• [Goal of the exercise]: Copy all entries without alteration and skip the pictures they hold.

#### The records ####

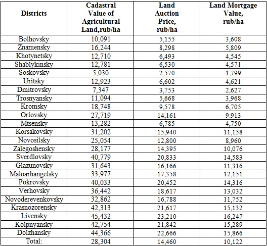 Development of Agricultural Land Market in Russian Federation is mostly depended on Regional Land Policies. One of the successful examples based on legal framework included the Federal Legislation as well as a local regulation is Orel Region Land Policy. In that sense it’s very important to make land cadastre information more understandable and transparent for customers. It must be pointed out that cadastral value of agricultural land is not applicable for Agricultural Land Market Transactions because there is no relation to market land value. As a result, the banks have not accepted cadastral value as a basis for Agricultural Land Mortgage Transactions. Because of it, outside investors as well as other customers have not been able to get reliable information about the value of agricultural land plots and participate as educated and well-informed agents (buyers or sellers) in Agricultural Land Market Transactions. Due to it the  Agricultural Land Mortgage Values were calculated on the basis of Land Market Auction Price Model for Orel Region.
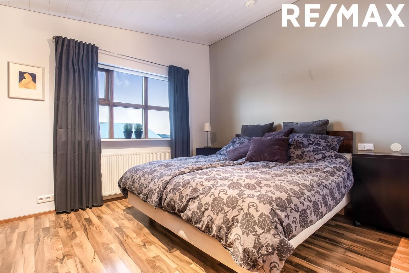 Hjónaherbergi: Parket á gólfi, rúmgott með miklu fatahirslum.
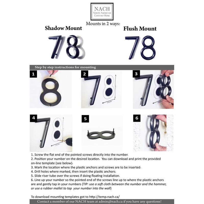- Downloadable Home Address Numbers Mounting Template - Free mounting templates are availabe for this series of house address numbers at the official NACH website. Mount these reflective house numbers for outside with ease using these printable templates
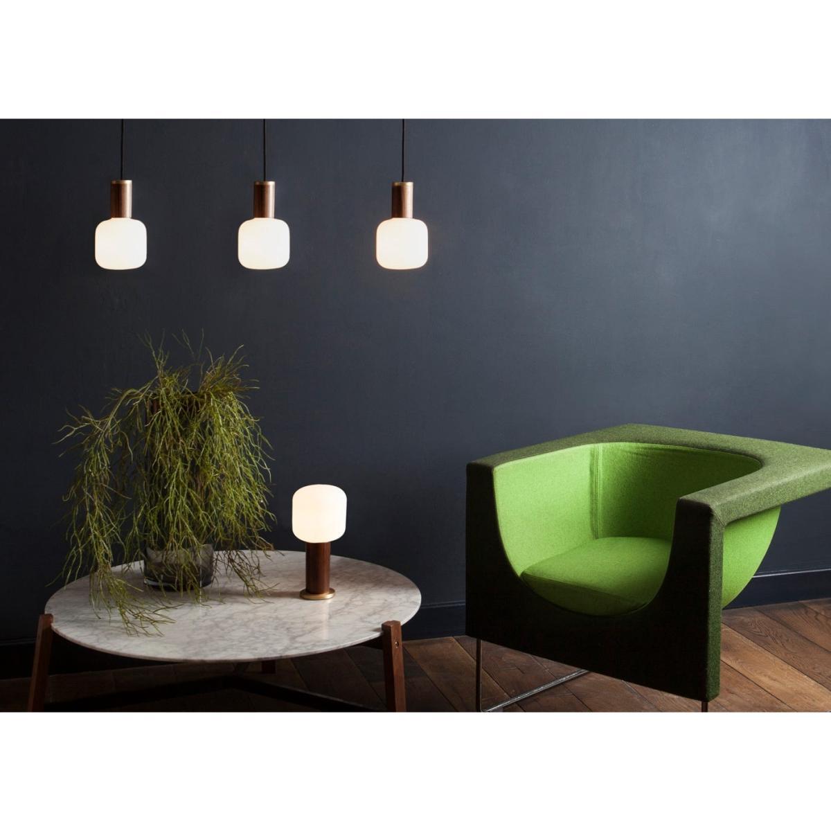 I love the Tala Oblo bulb for its sleek, minimal design that adds a modern touch without overpowering the space. It’s perfect for contemporary and eclectic interiors, especially when paired with statement lighting fixtures or used as part of a layered lighting scheme. Its warm LED output creates a cosy ambiance, making it versatile for lounges, kitchens, or dining areas. For practical styling tips, consider installing it in clusters for a sculptural effect or using dimmable settings to adapt the mood. Its simple yet elegant design also works well with natural materials and bold colour schemes, like the vibrant green armchair in this space - it’s a great way to add a contemporary edge while maintaining comfort.
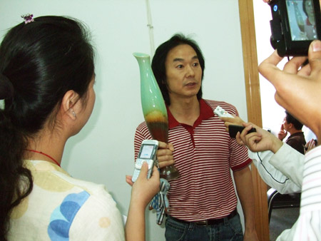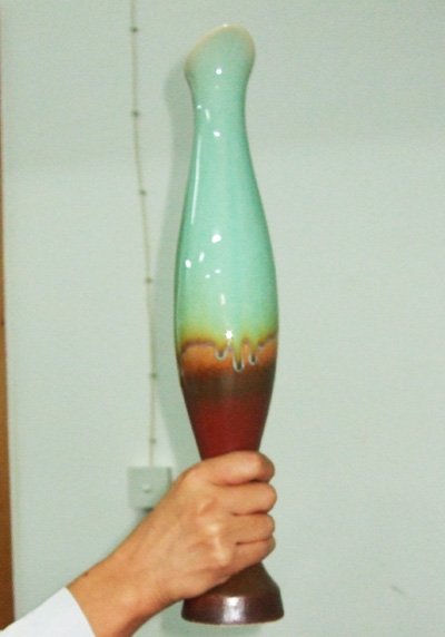據(jù)陶瓷美術(shù)館館長胡忠勝(即參與其設(shè)計(jì)人員之一)介紹,與去年相比,今年的火炬更為進(jìn)步,在原有的基礎(chǔ)上使體重減輕了一些,胎更薄了一些。這個(gè)陶瓷火炬瓶有兩種顏色,下面為鐵銹紅,無光釉,上面采用玻璃釉。再加上無光,有光的烘托效果,是通過火從陶過渡到瓷的一個(gè)這樣過程,從外表上可以很明顯的體現(xiàn)出來。從器型上看,火炬瓶頂端瓶口設(shè)計(jì)成成鴨嘴狀突出外沿。其亮點(diǎn)就是借用火焰在風(fēng)中搖曳至一個(gè)方向,象征著風(fēng)推動(dòng)火焰一樣,象征著一股前進(jìn)的力量,有股向前沖的欲望。并且這種瓶口的設(shè)計(jì)在火焰燃燒時(shí)抵擋風(fēng)對(duì)其的阻礙可起到一定的防護(hù)作用。此款陶瓷火炬瓶的設(shè)計(jì)還是由上屆民間民俗文化協(xié)會(huì)的相關(guān)人員共同完成。據(jù)活動(dòng)舉辦還有一段時(shí)間,我們會(huì)將火炬瓶更加完善,更加細(xì)致化。關(guān)鍵是保證它在傳遞的過程中能經(jīng)得住風(fēng)的阻力,保證整個(gè)傳遞過程中火炬正常燃燒。火炬瓶盛放燃料初步定為煤油,保證可燃燒去年活動(dòng)整個(gè)時(shí)間三十分鐘。

####

• [Response area]:
 Development of Agricultural Land Market in Russian Federation is mostly depended on Regional Land Policies. One of the successful examples based on legal framework included the Federal Legislation as well as a local regulation is Orel Region Land Policy. In that sense it’s very important to make land cadastre information more understandable and transparent for customers. It must be pointed out that cadastral value of agricultural land is not applicable for Agricultural Land Market Transactions because there is no relation to market land value. As a result, the banks have not accepted cadastral value as a basis for Agricultural Land Mortgage Transactions. Because of it, outside investors as well as other customers have not been able to get reliable information about the value of agricultural land plots and participate as educated and well-informed agents (buyers or sellers) in Agricultural Land Market Transactions. Due to it the  Agricultural Land Mortgage Values were calculated on the basis of Land Market Auction Price Model for Orel Region.
 Hjónaherbergi: Parket á gólfi, rúmgott með miklu fatahirslum.
- Downloadable Home Address Numbers Mounting Template - Free mounting templates are availabe for this series of house address numbers at the official NACH website. Mount these reflective house numbers for outside with ease using these printable templates
 I love the Tala Oblo bulb for its sleek, minimal design that adds a modern touch without overpowering the space. It’s perfect for contemporary and eclectic interiors, especially when paired with statement lighting fixtures or used as part of a layered lighting scheme. Its warm LED output creates a cosy ambiance, making it versatile for lounges, kitchens, or dining areas. For practical styling tips, consider installing it in clusters for a sculptural effect or using dimmable settings to adapt the mood. Its simple yet elegant design also works well with natural materials and bold colour schemes, like the vibrant green armchair in this space - it’s a great way to add a contemporary edge while maintaining comfort.
據(jù)陶瓷美術(shù)館館長胡忠勝(即參與其設(shè)計(jì)人員之一)介紹,與去年相比,今年的火炬更為進(jìn)步,在原有的基礎(chǔ)上使體重減輕了一些,胎更薄了一些。這個(gè)陶瓷火炬瓶有兩種顏色,下面為鐵銹紅,無光釉,上面采用玻璃釉。再加上無光,有光的烘托效果,是通過火從陶過渡到瓷的一個(gè)這樣過程,從外表上可以很明顯的體現(xiàn)出來。從器型上看,火炬瓶頂端瓶口設(shè)計(jì)成成鴨嘴狀突出外沿。其亮點(diǎn)就是借用火焰在風(fēng)中搖曳至一個(gè)方向,象征著風(fēng)推動(dòng)火焰一樣,象征著一股前進(jìn)的力量,有股向前沖的欲望。并且這種瓶口的設(shè)計(jì)在火焰燃燒時(shí)抵擋風(fēng)對(duì)其的阻礙可起到一定的防護(hù)作用。此款陶瓷火炬瓶的設(shè)計(jì)還是由上屆民間民俗文化協(xié)會(huì)的相關(guān)人員共同完成。據(jù)活動(dòng)舉辦還有一段時(shí)間,我們會(huì)將火炬瓶更加完善,更加細(xì)致化。關(guān)鍵是保證它在傳遞的過程中能經(jīng)得住風(fēng)的阻力,保證整個(gè)傳遞過程中火炬正常燃燒。火炬瓶盛放燃料初步定為煤油,保證可燃燒去年活動(dòng)整個(gè)時(shí)間三十分鐘。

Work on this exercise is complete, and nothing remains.